======== GIVEN INFORMATION
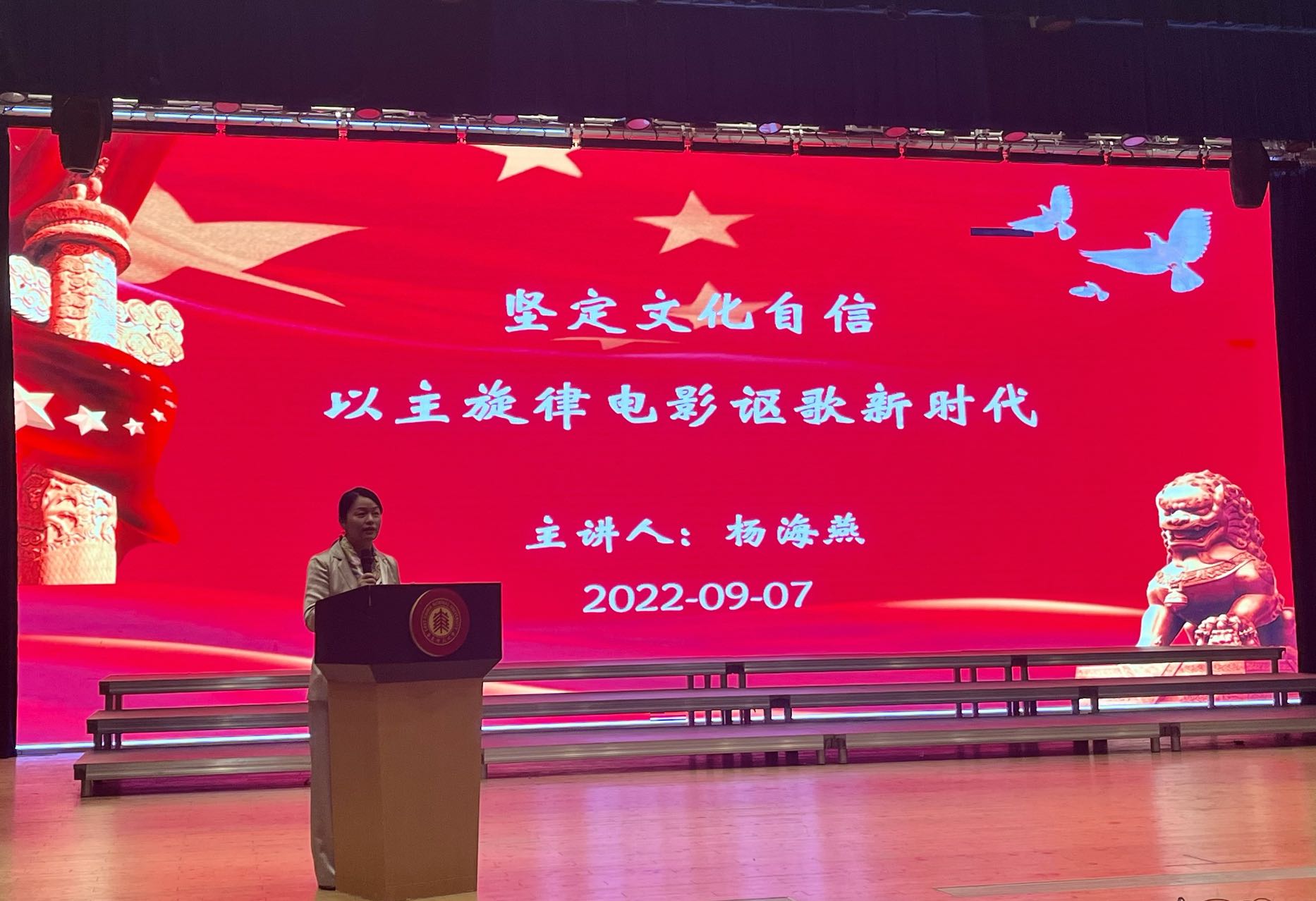 9月7日yl23455永利2022级新生迎来“开学第一课”。公司党委书记杨海燕以“坚定文化自信,以主旋律电影讴歌新时代”为主题,在音乐厅为公司全体新生讲授党史主题教育课。专职组织员、辅导员出席了本次党课。
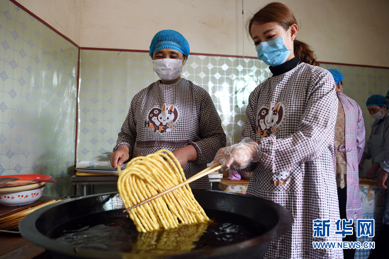 在東鄉(xiāng)族自治縣鎖南鎮(zhèn)鎖南村,馬娟(右)和員工一起加工油馃馃。(資料圖)新華社記者 范培珅 攝 金黃誘人、口感爽脆、花樣繁多的油馃馃頗受市場歡迎,供不應求,成了幫助東鄉(xiāng)貧困婦女增收致富的“金馃馃”。 為了幫助馬娟擴大創(chuàng)業(yè)規(guī)模,同時帶動貧困婦女脫貧,當?shù)卣哑髽I(yè)在布楞溝村援建的一處扶貧車間交由馬娟運營和管理。
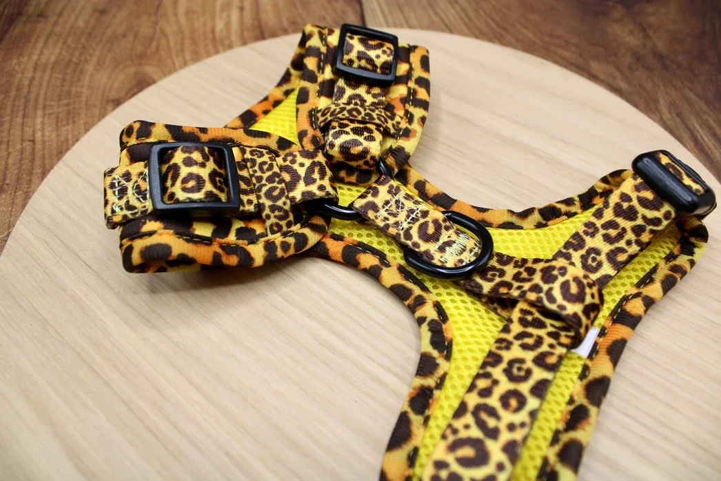 Golden Leopard Dog Harness Our Golden Leopard Dog Harness features a natural animal print in the leopard pattern.
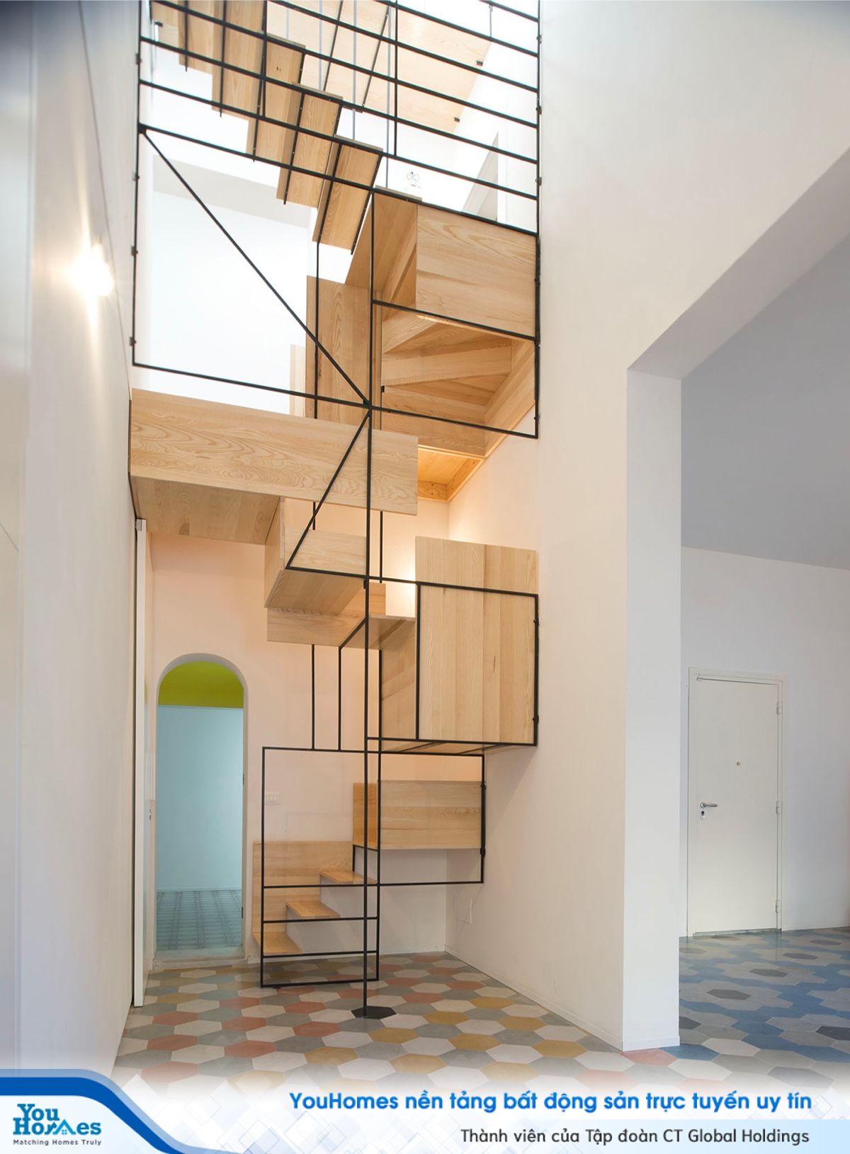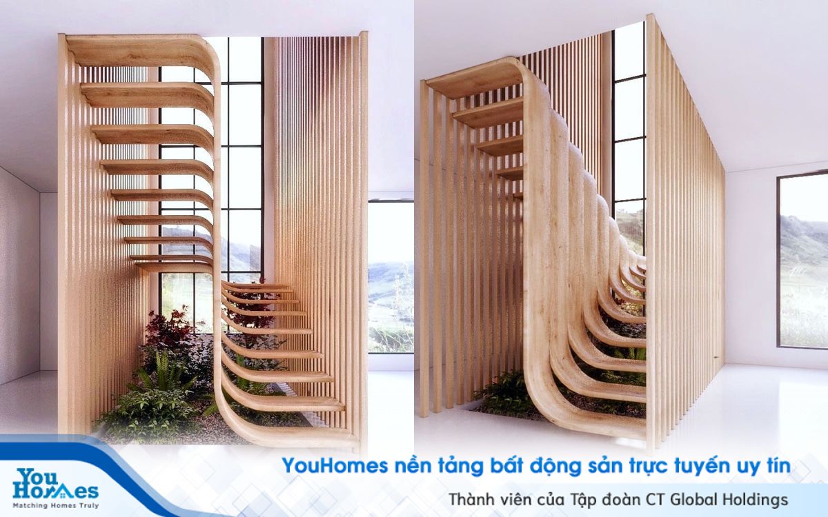 Kiểu thiết kế cầu thang tinh xảo trong không gian đơn giản, mộc mạc.
================
--- THE TASK ---
Take every line of the material and copy it exactly, leaving out the pictures.

--- EXPECTED OUTPUT ---
 9月7日yl23455永利2022级新生迎来“开学第一课”。公司党委书记杨海燕以“坚定文化自信,以主旋律电影讴歌新时代”为主题,在音乐厅为公司全体新生讲授党史主题教育课。专职组织员、辅导员出席了本次党课。
 在東鄉(xiāng)族自治縣鎖南鎮(zhèn)鎖南村,馬娟(右)和員工一起加工油馃馃。(資料圖)新華社記者 范培珅 攝 金黃誘人、口感爽脆、花樣繁多的油馃馃頗受市場歡迎,供不應求,成了幫助東鄉(xiāng)貧困婦女增收致富的“金馃馃”。 為了幫助馬娟擴大創(chuàng)業(yè)規(guī)模,同時帶動貧困婦女脫貧,當?shù)卣哑髽I(yè)在布楞溝村援建的一處扶貧車間交由馬娟運營和管理。
 Golden Leopard Dog Harness Our Golden Leopard Dog Harness features a natural animal print in the leopard pattern.
 Kiểu thiết kế cầu thang tinh xảo trong không gian đơn giản, mộc mạc.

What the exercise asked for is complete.